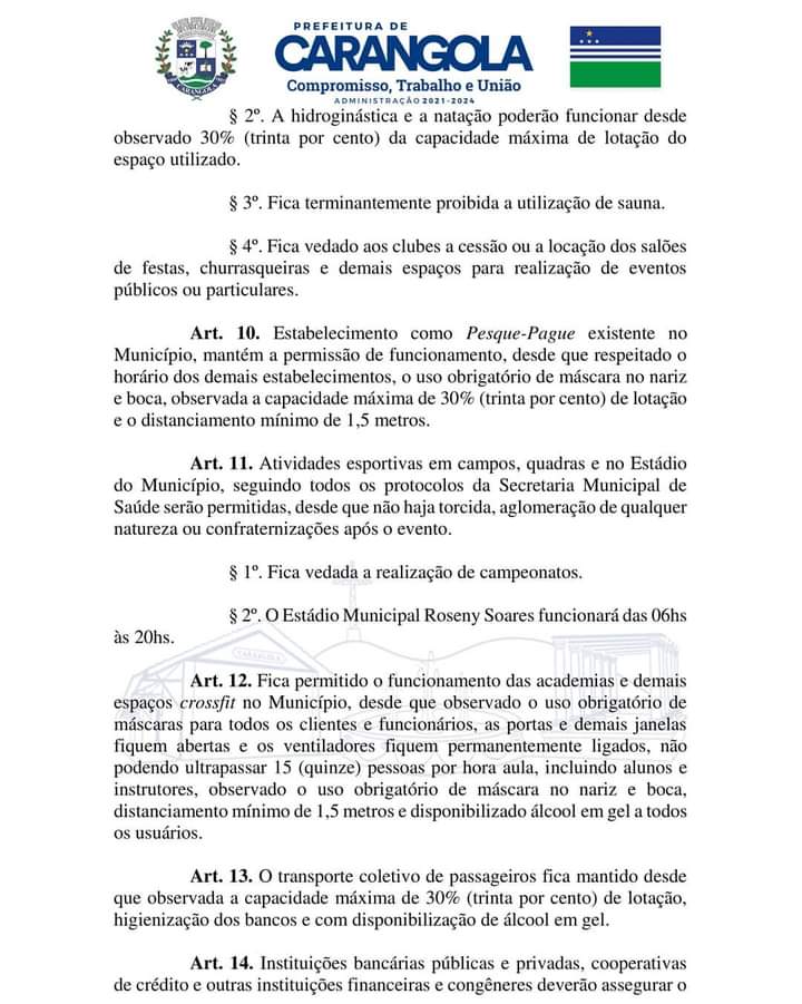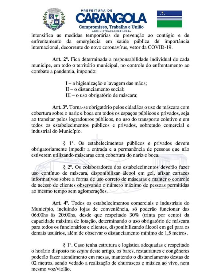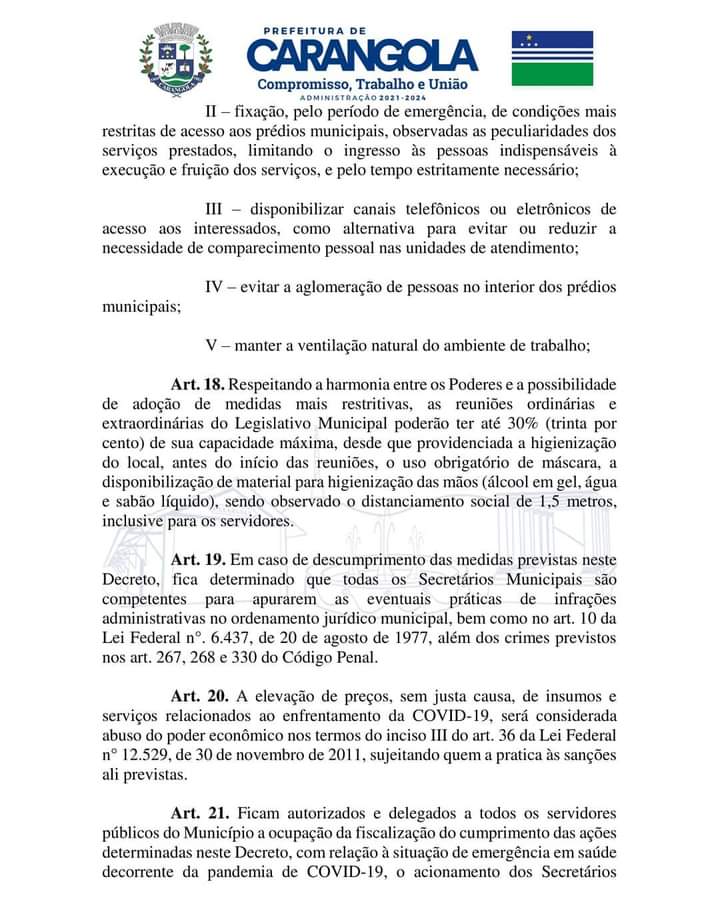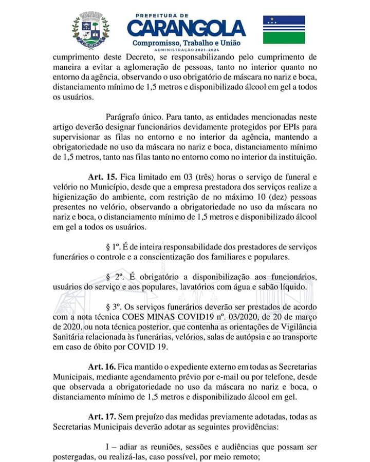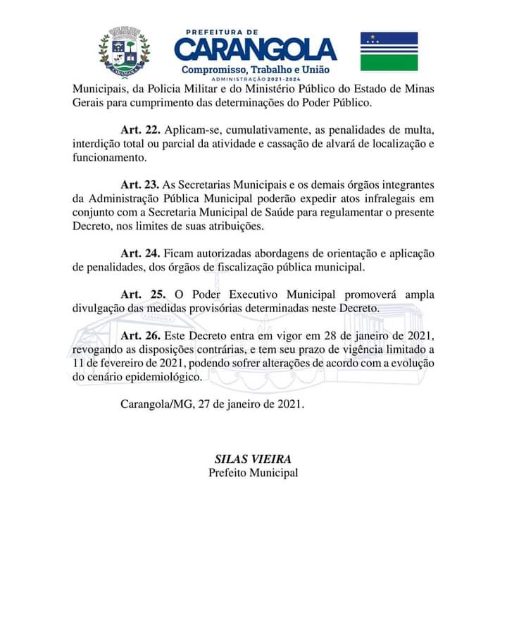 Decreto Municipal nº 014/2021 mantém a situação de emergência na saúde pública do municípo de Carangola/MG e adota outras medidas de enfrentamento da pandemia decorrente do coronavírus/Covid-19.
* * *
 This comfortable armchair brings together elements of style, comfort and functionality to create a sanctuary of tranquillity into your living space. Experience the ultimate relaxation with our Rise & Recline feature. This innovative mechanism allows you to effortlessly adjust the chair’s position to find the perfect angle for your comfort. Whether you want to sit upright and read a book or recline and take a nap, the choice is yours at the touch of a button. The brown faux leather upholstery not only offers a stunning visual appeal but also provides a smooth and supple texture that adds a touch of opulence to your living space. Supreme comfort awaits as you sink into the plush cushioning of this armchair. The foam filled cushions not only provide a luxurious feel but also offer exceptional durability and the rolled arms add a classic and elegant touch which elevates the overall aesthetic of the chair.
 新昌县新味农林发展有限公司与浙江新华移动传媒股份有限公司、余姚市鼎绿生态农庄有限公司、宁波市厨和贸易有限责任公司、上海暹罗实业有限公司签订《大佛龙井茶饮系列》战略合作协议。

Your objective — Reproduce, exactly as they stand in the data above, the lines from the one that holds "This comfortable armchair" to the one that holds "新昌县新味农林发展有限公司与", inclusive.

Your response —
 This comfortable armchair brings together elements of style, comfort and functionality to create a sanctuary of tranquillity into your living space. Experience the ultimate relaxation with our Rise & Recline feature. This innovative mechanism allows you to effortlessly adjust the chair’s position to find the perfect angle for your comfort. Whether you want to sit upright and read a book or recline and take a nap, the choice is yours at the touch of a button. The brown faux leather upholstery not only offers a stunning visual appeal but also provides a smooth and supple texture that adds a touch of opulence to your living space. Supreme comfort awaits as you sink into the plush cushioning of this armchair. The foam filled cushions not only provide a luxurious feel but also offer exceptional durability and the rolled arms add a classic and elegant touch which elevates the overall aesthetic of the chair.
 新昌县新味农林发展有限公司与浙江新华移动传媒股份有限公司、余姚市鼎绿生态农庄有限公司、宁波市厨和贸易有限责任公司、上海暹罗实业有限公司签订《大佛龙井茶饮系列》战略合作协议。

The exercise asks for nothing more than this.